> [Task instructions]
Begin your copy at the line with "Zur Signatur seiner" in the records below and end it at the line with "搭便车、23x26cm、纸本水墨、2016", restating each line word for word; omit the pictures.

####

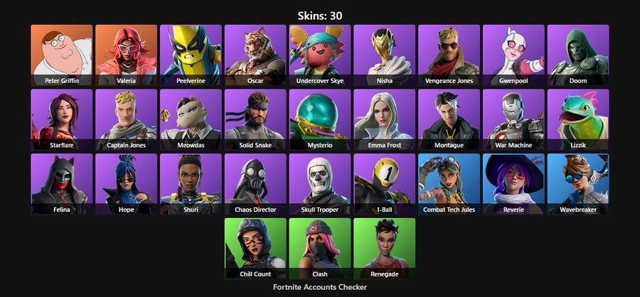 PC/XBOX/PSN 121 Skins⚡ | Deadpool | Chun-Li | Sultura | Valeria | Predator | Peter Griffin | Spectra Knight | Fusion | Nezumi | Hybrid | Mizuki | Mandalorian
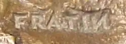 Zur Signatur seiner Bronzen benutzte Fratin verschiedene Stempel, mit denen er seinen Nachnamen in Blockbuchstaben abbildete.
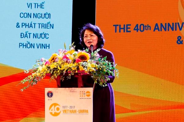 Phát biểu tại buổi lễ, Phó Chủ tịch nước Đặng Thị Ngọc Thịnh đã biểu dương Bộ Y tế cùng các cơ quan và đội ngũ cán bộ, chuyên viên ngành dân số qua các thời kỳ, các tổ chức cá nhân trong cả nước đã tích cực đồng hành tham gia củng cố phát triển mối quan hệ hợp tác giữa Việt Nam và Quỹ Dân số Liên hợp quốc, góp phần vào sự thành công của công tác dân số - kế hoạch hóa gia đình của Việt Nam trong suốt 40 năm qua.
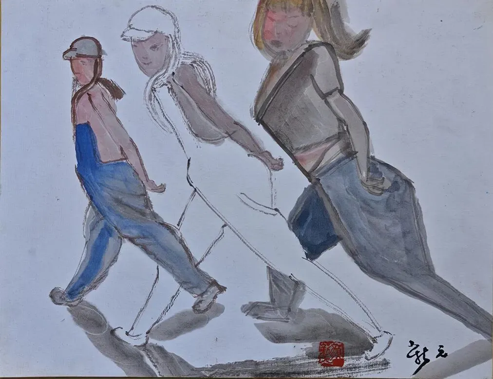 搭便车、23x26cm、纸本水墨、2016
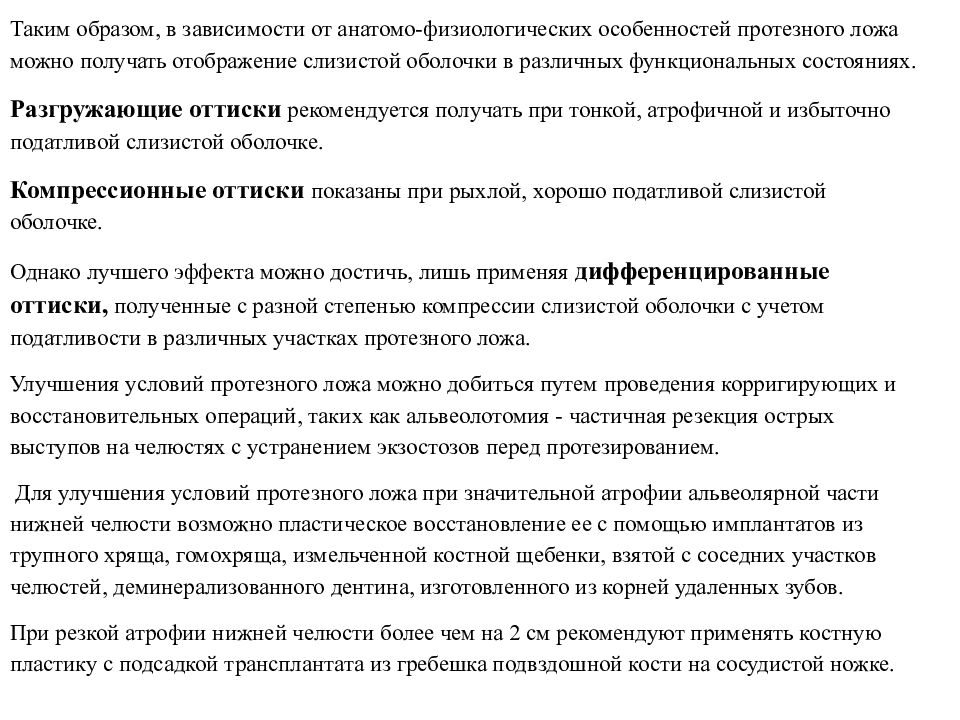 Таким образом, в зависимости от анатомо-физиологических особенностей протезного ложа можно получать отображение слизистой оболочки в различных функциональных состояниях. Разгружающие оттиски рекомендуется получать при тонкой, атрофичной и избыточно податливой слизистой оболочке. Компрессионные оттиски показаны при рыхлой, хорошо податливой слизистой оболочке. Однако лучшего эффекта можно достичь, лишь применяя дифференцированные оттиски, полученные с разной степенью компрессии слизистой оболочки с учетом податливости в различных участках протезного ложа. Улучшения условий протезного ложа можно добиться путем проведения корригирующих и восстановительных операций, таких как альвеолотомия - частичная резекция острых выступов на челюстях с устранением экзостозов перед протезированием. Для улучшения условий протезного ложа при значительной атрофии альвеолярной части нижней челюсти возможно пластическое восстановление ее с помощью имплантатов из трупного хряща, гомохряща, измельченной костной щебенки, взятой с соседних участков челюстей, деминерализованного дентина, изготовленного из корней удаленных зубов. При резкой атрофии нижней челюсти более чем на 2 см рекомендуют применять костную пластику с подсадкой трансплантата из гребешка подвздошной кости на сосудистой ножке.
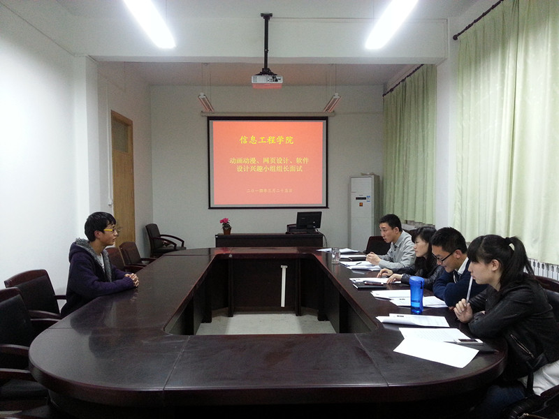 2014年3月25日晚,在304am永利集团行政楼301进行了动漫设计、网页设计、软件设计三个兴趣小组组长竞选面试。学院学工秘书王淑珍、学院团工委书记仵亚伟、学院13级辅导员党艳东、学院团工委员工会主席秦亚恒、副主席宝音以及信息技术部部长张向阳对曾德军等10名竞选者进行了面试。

####

> [Reply]
 Zur Signatur seiner Bronzen benutzte Fratin verschiedene Stempel, mit denen er seinen Nachnamen in Blockbuchstaben abbildete.
 Phát biểu tại buổi lễ, Phó Chủ tịch nước Đặng Thị Ngọc Thịnh đã biểu dương Bộ Y tế cùng các cơ quan và đội ngũ cán bộ, chuyên viên ngành dân số qua các thời kỳ, các tổ chức cá nhân trong cả nước đã tích cực đồng hành tham gia củng cố phát triển mối quan hệ hợp tác giữa Việt Nam và Quỹ Dân số Liên hợp quốc, góp phần vào sự thành công của công tác dân số - kế hoạch hóa gia đình của Việt Nam trong suốt 40 năm qua.
 搭便车、23x26cm、纸本水墨、2016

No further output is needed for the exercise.